В дверях стоит отец. Приземистый, корявый, с темно-синим, почти черным лицом. Взгляда его Марсо не видел. Но угадывал, что отец смотрит злобно, упрямо и подозрительно. На крыше, оседлав каминную трубу, сидел и глядел на небо Леже. И, как всегда, играл в бильбоке. Только вместо шарика подбрасывал привязанное за веревочку солнце. Большое ультрамариновое солнце. Оно не сияло, а висело на небе тяжелым шаром; по временам падало, насаживаясь на острую палочку, и снова подскакивало вверх. Ржавый железный обруч, дребезжа, скатился с косогора перед домом, но никто не обратил на него внимание. Эфраим вырезал сабо, Леже играл синим солнцем в бильбоке, старик хмуро стоял в темном проеме. А Марсо все смотрел на них и на обруч, весело катившийся прочь.

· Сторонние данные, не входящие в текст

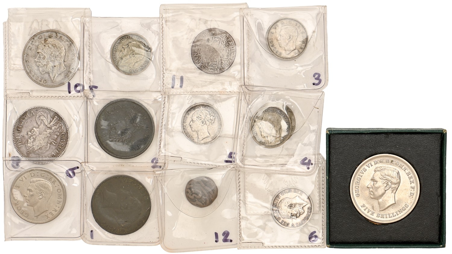 Coins. Charles II 2/6 1671, Vicesimo Tertio, minor staining reverse, supberb portrait, slight central weakness, almost VF; 1723 SSC 1/0 poor, others silver and base (12) (14)

На груди застывшего в дверях отца, опирающегося рукой о притолоку, вдруг появилась веретеница: мелькнула тонкой золотой полоской и исчезла между фиолетовыми камнями стены.
Веретеницы, или, иначе, стеклянные змейки, отбрасывают при опасности хвост, как и ящерицы. Вот и эта, юркнув в щель, оставила на поверхности стены кончик хвоста. Марсо смотрел на быстро тускнеющую на шероховатой стене золотую слезу, и она словно жгла его собственную щеку.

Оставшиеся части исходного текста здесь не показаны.